■ Exercise
Retype exactly what runs from the first line of the data to the line with "are the top", keeping both of those lines and skipping pictures.

─── Data excerpts

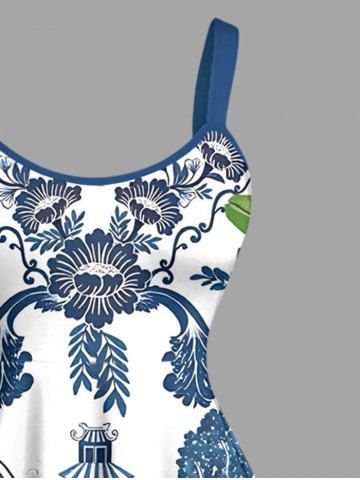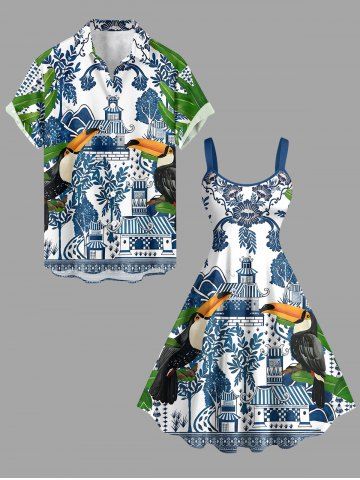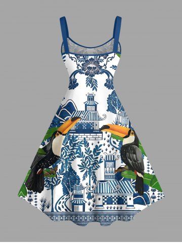 Robes Graphiques > Robe hawaïenne grande taille à imprimé toucans tropical, feuilles bleues et blanches, style porcelaine, coupe trapèze
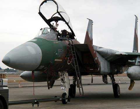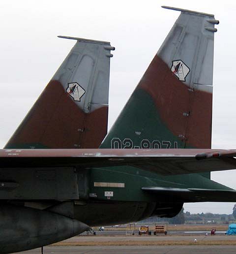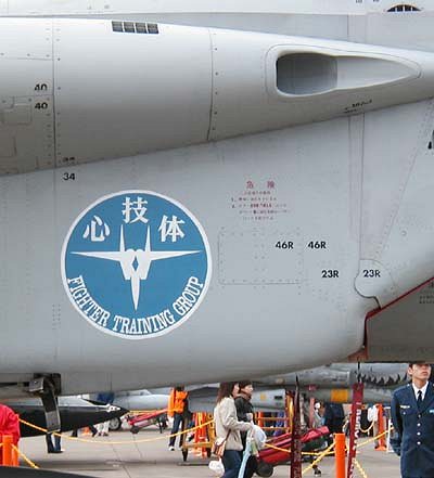 ![]() 地上展示のF-15には様々なマーキングが。心技体。 |
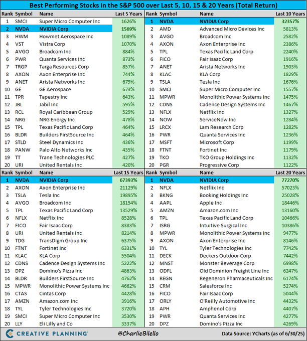 are the top 30 stocks in the S&P 500 over the past 30 years.
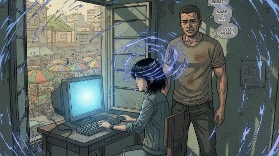 Dengan satu klik, dunia Lovi berputar. Tubuhnya tetap di kursi, tetapi kesadarannya menyelinap ke tubuh ayahnya. Sensasinya aneh: napas berat, otot pegal dari kerja seharian, dan pikiran yang berlapis-lapis seperti kabut tebal. Dia, atau ayahnya, bangun dari tempat tidur, melihat ke cermin. Wajah ayahnya menatap balik, tetapi mata itu milik Lovi.
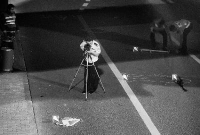 图为昨晚,警方在西直门桥下勘察,标出男子坠亡的位置(画圈处) 摄/记者 杨益
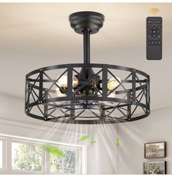 20 Inch Fandelier Caged Ceiling Fans with Lights and Remote, Black Bladeless Ceiling Fan with 6 Speeds and Timing, Farmhouse Samll Fan Lights Ceiling $45Riverside, CA
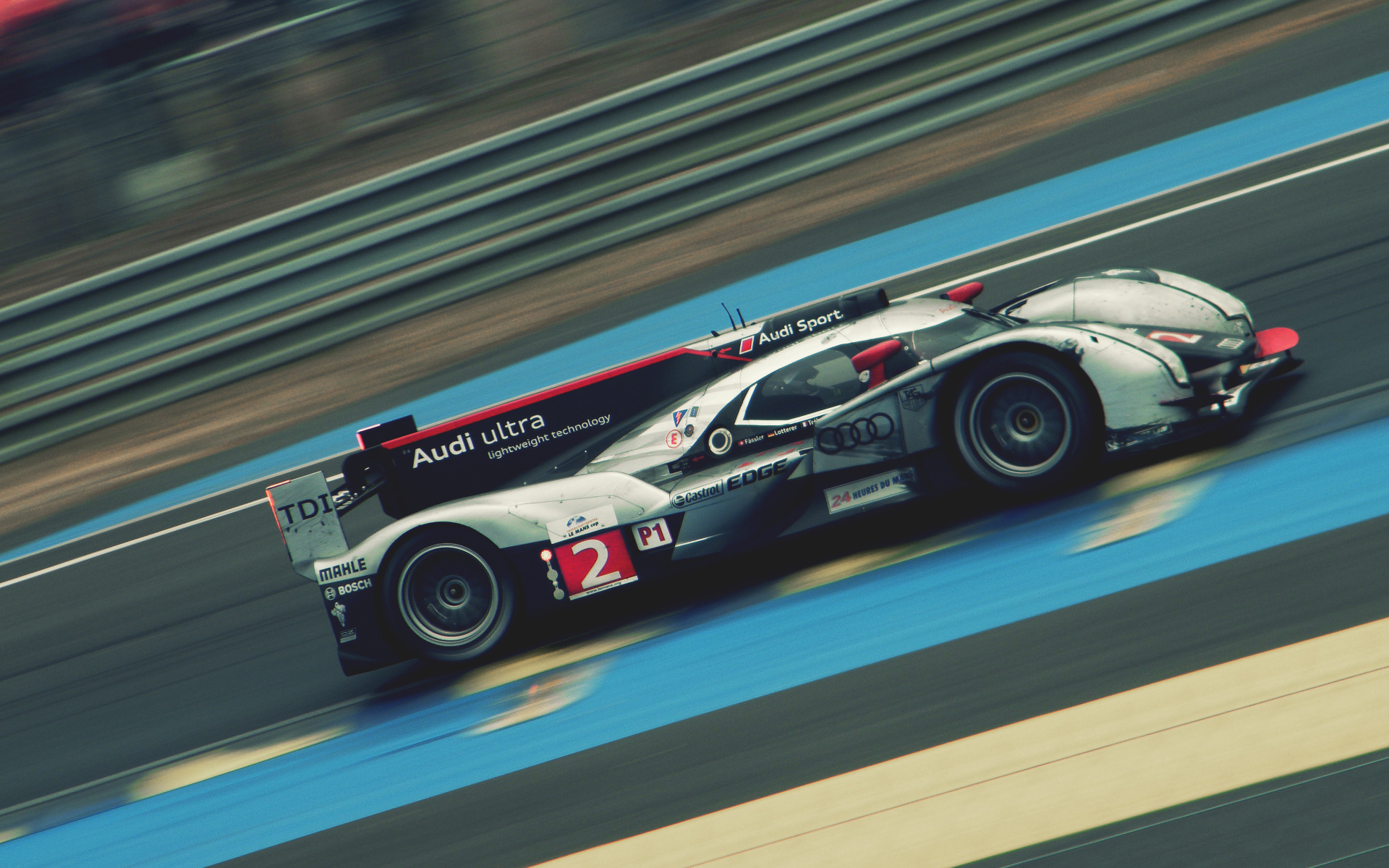 Description: A race car driving on a track with blurry background and a blurry background behind it.

──────

■ Response area
 Robes Graphiques > Robe hawaïenne grande taille à imprimé toucans tropical, feuilles bleues et blanches, style porcelaine, coupe trapèze
 ![]() 地上展示のF-15には様々なマーキングが。心技体。 |
 are the top 30 stocks in the S&P 500 over the past 30 years.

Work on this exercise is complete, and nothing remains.